Explore the top mutual funds to boost your 2017 investment portfolio. This guide highlights funds focused on broad market indices, healthcare, banking, consumer staples, and fixed income assets, aligned with economic trends and interest rate changes. Strategic diversification across these options can help investors navigate market volatility and optimize growth during a mature economic cycle.
As market fluctuations increase, investors should adopt careful strategies. Some funds may perform exceptionally well, while others may underperform. Below are several top mutual funds to include in your 2017 investment plan.
Vanguard 500 Index Fund: A well-rounded index fund with a low expense ratio of 0.16%, requiring a minimum of $3,000 to start.
Fidelity Nasdaq Composite Index Fund: Another broad-market index fund with a 0.29% expense ratio and a $2,500 initial investment.

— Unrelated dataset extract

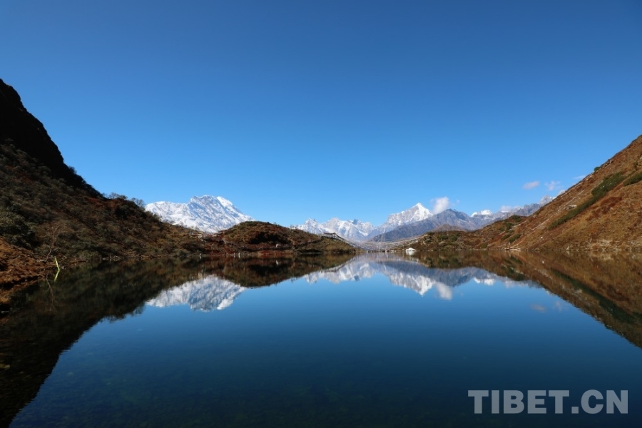 位于吉隆鎮扎村的朗吉錯,是鑲嵌在山間的藍寶石。

With mature economic conditions, technology growth stocks are expected to lead gains.
Vanguard Healthcare Fund: Specializing in healthcare equities, this fund has a 0.36% expense ratio and a $3,000 minimum investment. Post-election, healthcare stocks have surged, making this a desirable choice. About 15% of its holdings are in biotech, with the rest in healthcare tech, equipment, and managed services.
Fidelity Select Banking Fund: With an expense ratio of 0.79% and a $2,500 minimum, this fund is positioned for growth. Financial stocks, especially in banking, have gained momentum following the election, with limited exposure to brokerage or insurance firms.
Fidelity Select Consumer Staples Fund: Investing within a specific sector offers diversification benefits. It requires a $2,500 minimum and has an expense ratio of 0.77%.
T.Rowe Price Floating Rate Fund: Unlike fixed-rate bonds, this fund's interest adjusts periodically based on LIBOR or Treasury yields. With rising interest rates anticipated, these bonds are attractive for capital appreciation.
Hussman Strategic Total Return: Primarily made up of fixed income assets, this fund provides a hedge against inflation and reduces market risk. The portfolio emphasizes cash, bonds, and minimal equities.
As the economy moves into a rising interest rate environment during a mature cycle, investing across these funds can help you grow your wealth effectively through diversification.